* **RAW DATA**
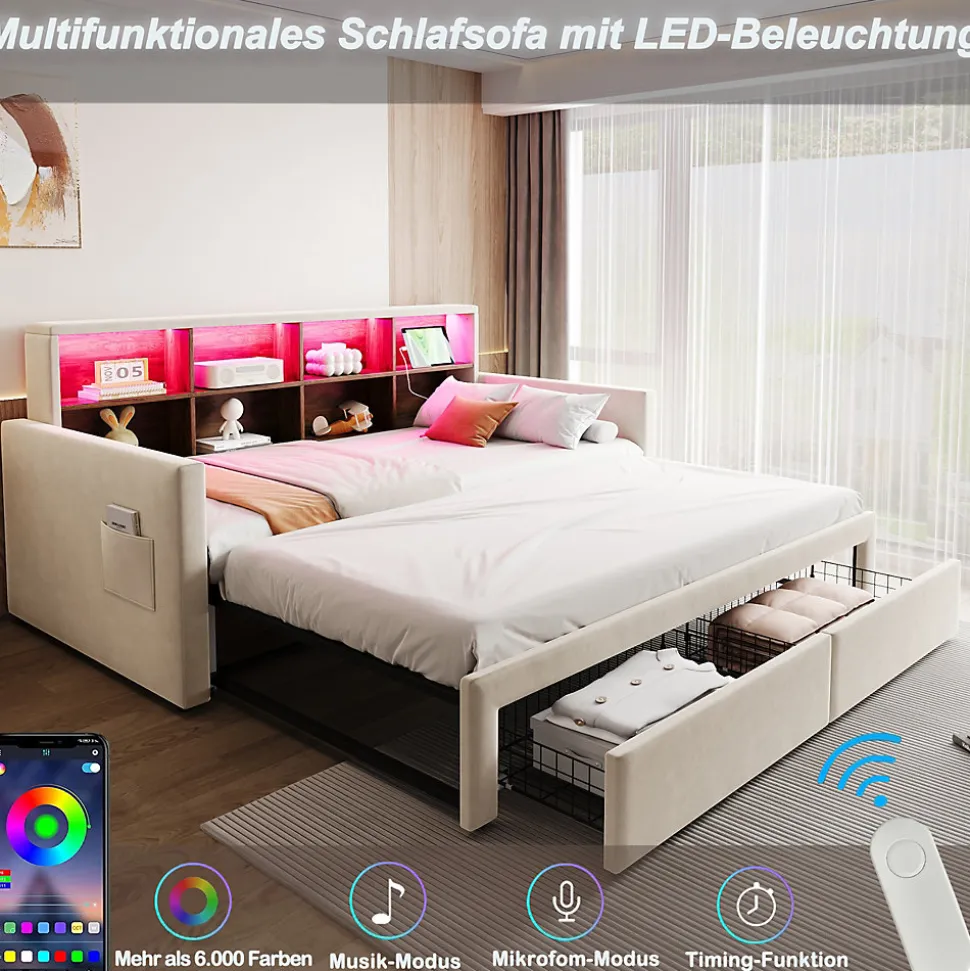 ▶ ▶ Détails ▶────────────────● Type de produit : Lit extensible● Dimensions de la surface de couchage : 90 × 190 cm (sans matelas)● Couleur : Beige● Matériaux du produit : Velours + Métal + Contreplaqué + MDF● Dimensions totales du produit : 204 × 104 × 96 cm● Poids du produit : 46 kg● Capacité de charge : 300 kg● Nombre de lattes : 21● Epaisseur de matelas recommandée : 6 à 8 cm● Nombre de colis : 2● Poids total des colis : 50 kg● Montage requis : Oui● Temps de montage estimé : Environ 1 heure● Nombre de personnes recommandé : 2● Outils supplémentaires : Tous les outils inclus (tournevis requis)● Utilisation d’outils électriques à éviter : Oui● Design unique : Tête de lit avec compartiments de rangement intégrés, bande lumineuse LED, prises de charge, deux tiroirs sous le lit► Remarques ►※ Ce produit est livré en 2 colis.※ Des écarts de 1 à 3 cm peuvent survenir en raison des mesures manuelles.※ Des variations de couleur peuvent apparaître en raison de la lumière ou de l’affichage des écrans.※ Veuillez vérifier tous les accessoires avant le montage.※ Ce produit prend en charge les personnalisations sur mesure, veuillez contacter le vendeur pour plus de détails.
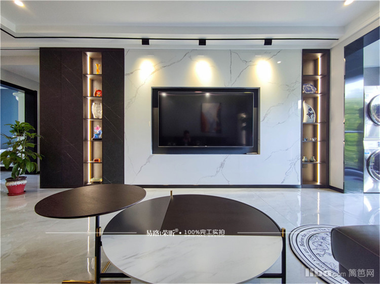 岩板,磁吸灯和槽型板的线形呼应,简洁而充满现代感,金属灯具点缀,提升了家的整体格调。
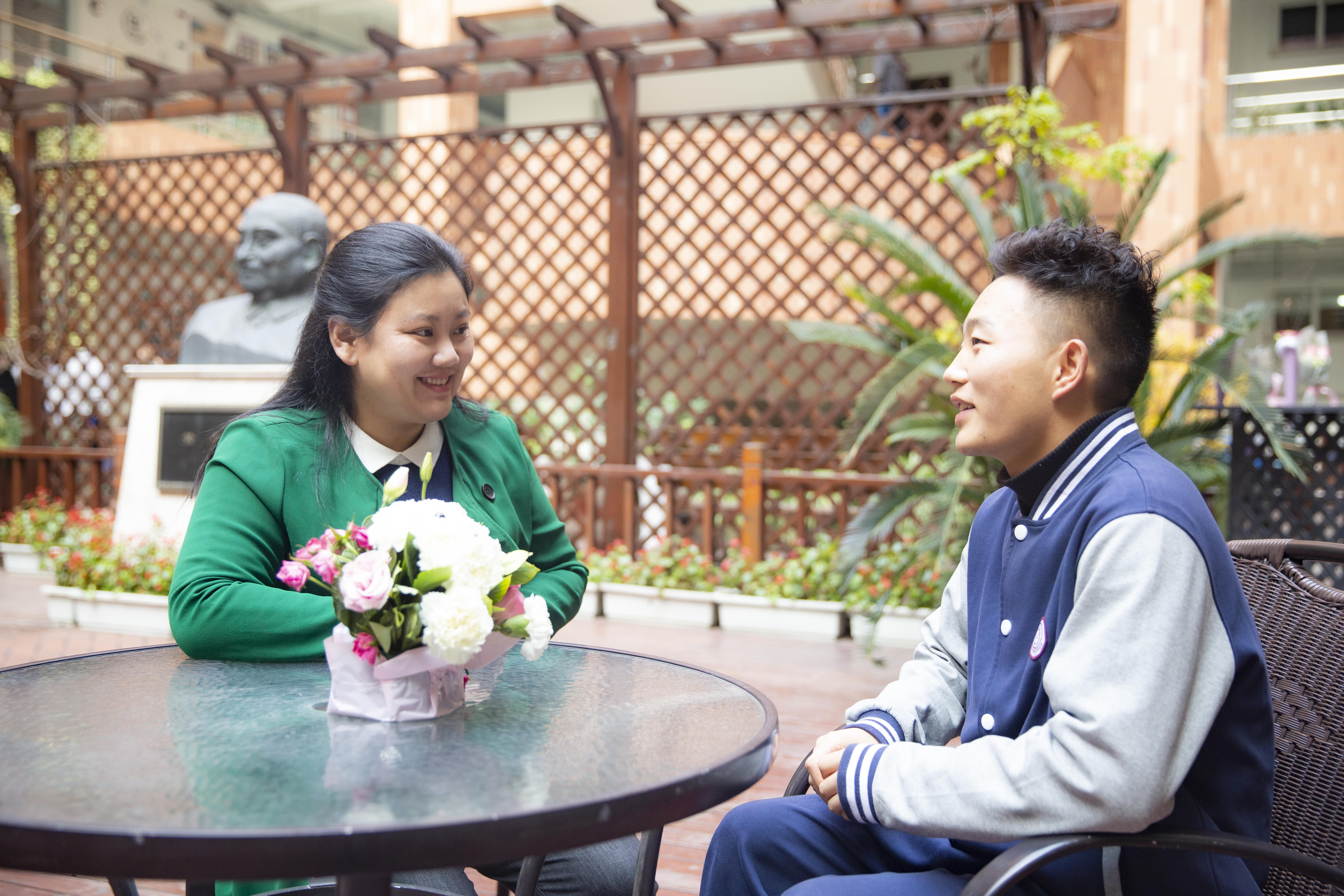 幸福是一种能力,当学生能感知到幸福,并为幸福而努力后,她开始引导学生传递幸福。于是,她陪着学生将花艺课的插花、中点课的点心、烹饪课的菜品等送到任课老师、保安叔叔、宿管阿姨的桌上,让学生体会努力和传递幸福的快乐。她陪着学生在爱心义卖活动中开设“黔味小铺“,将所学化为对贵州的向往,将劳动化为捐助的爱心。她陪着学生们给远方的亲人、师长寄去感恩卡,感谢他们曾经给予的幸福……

* **EXERCISE DIRECTIONS**
Without including any picture, reproduce the material above word for word.

* **EXERCISE RESPONSE**
 ▶ ▶ Détails ▶────────────────● Type de produit : Lit extensible● Dimensions de la surface de couchage : 90 × 190 cm (sans matelas)● Couleur : Beige● Matériaux du produit : Velours + Métal + Contreplaqué + MDF● Dimensions totales du produit : 204 × 104 × 96 cm● Poids du produit : 46 kg● Capacité de charge : 300 kg● Nombre de lattes : 21● Epaisseur de matelas recommandée : 6 à 8 cm● Nombre de colis : 2● Poids total des colis : 50 kg● Montage requis : Oui● Temps de montage estimé : Environ 1 heure● Nombre de personnes recommandé : 2● Outils supplémentaires : Tous les outils inclus (tournevis requis)● Utilisation d’outils électriques à éviter : Oui● Design unique : Tête de lit avec compartiments de rangement intégrés, bande lumineuse LED, prises de charge, deux tiroirs sous le lit► Remarques ►※ Ce produit est livré en 2 colis.※ Des écarts de 1 à 3 cm peuvent survenir en raison des mesures manuelles.※ Des variations de couleur peuvent apparaître en raison de la lumière ou de l’affichage des écrans.※ Veuillez vérifier tous les accessoires avant le montage.※ Ce produit prend en charge les personnalisations sur mesure, veuillez contacter le vendeur pour plus de détails.
 岩板,磁吸灯和槽型板的线形呼应,简洁而充满现代感,金属灯具点缀,提升了家的整体格调。
 幸福是一种能力,当学生能感知到幸福,并为幸福而努力后,她开始引导学生传递幸福。于是,她陪着学生将花艺课的插花、中点课的点心、烹饪课的菜品等送到任课老师、保安叔叔、宿管阿姨的桌上,让学生体会努力和传递幸福的快乐。她陪着学生在爱心义卖活动中开设“黔味小铺“,将所学化为对贵州的向往,将劳动化为捐助的爱心。她陪着学生们给远方的亲人、师长寄去感恩卡,感谢他们曾经给予的幸福……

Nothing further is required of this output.